OP I am sorry you are going through this. My husband is an alcoholic too. I haven’t been through what you are going through so I don’t have a lot of advice except to do alanon, I am sure there is a ton of info there about how to deal with relapse.
Is there alcohol in your apartment? If so, pour it out or lock it away so he can’t get it. Take care of yourself and your son, that has to be your priority. Good luck. ❤️
I wouldn’t recommend controlling his alcohol. As a former active drunk, I could find booze in any situation.

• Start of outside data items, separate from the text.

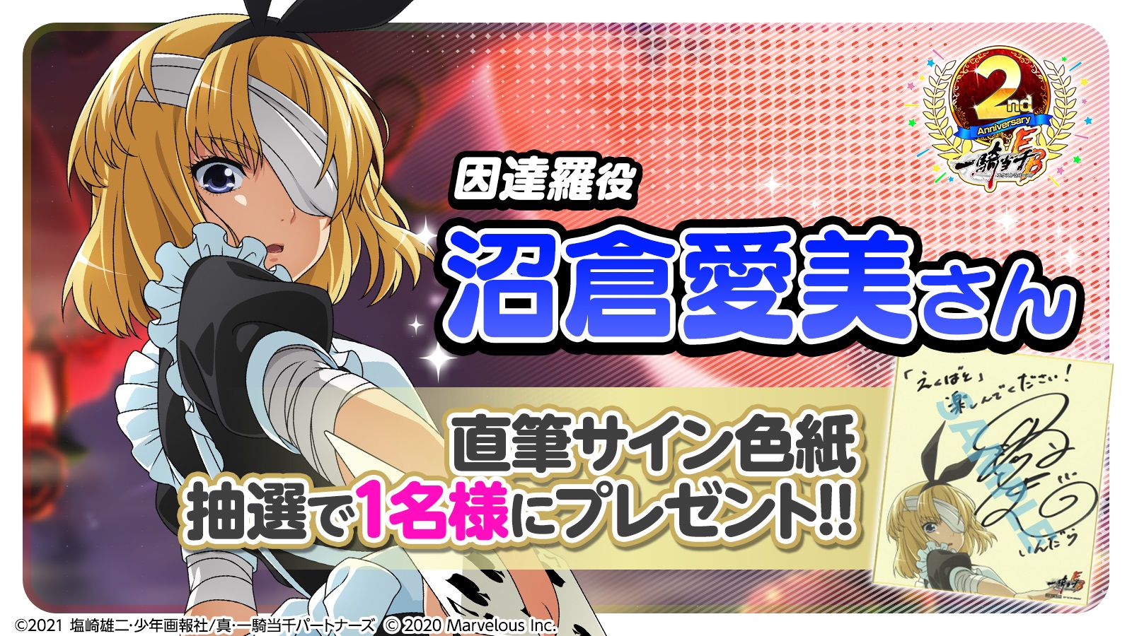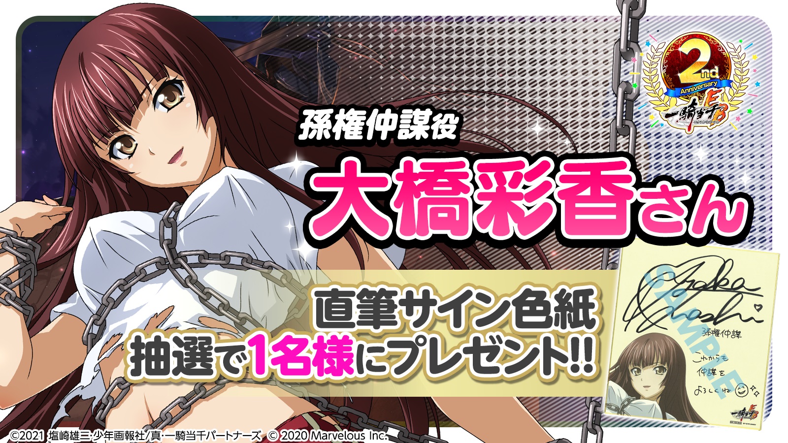 本キャンペーンでは、公式Twitterをフォローし、各対象ツイートをRTすると、抽選で各1名に「孫権仲謀」役である大橋彩香さん、「因達羅」役である沼倉愛美さんの直筆サイン色紙がプレゼントされます。
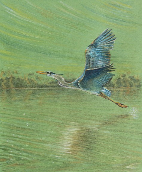 Blue Heron, mixed media, copyright Arlene Widrevitz
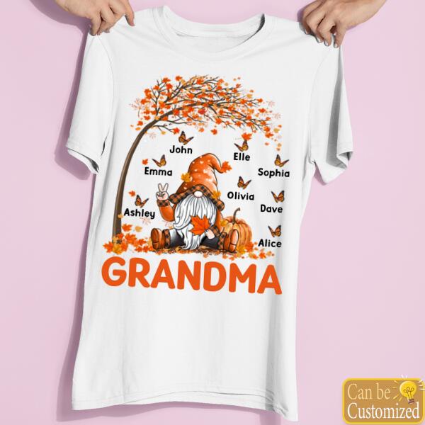 Gnome Grandma Fall Season Personalized Autumn Shirt Halloween Grandma Gifts
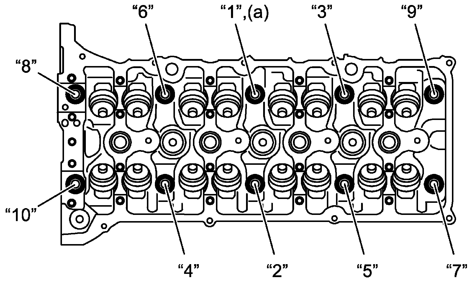 Tighten cylinder head bolts to 20 Nm (2.0 kgf-m, 15.0 lbf-ft) in numerical order ("1" - "10") evenly and gradually.
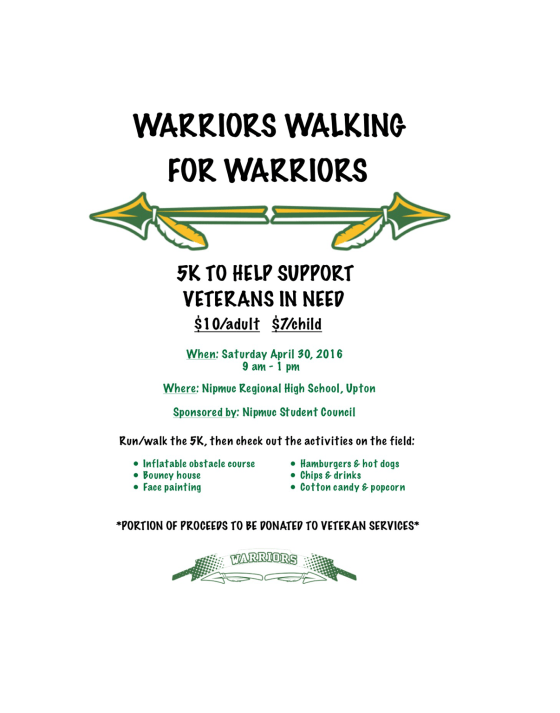 The Nipmuc Regional High School student council will be sponsoring the Warriors Walking for Warriors 5K to help support veterans … More

Cont... exception of a week back in October. In the past, I have gotten very angry about his drinking, but I’m trying to be more supportive this time. With that said, I have a son and a full time job and now I’m trapped in an apt with him for the foreseeable future. Any advice? He doesn’t do meetings so that’s not probably going to be helpful.
Bowl Leader
I’m sorry you’re going through this. Have you thought about checking out alanon or ACA? Those programs help people who are affected by alcoholics. I’m a member of AA so my experience is more around that, but I’d suggest reading the big book to understand what he is experiencing. It’s all old language and can be a little annoying, but the sentiment gets through and it’s very helpful.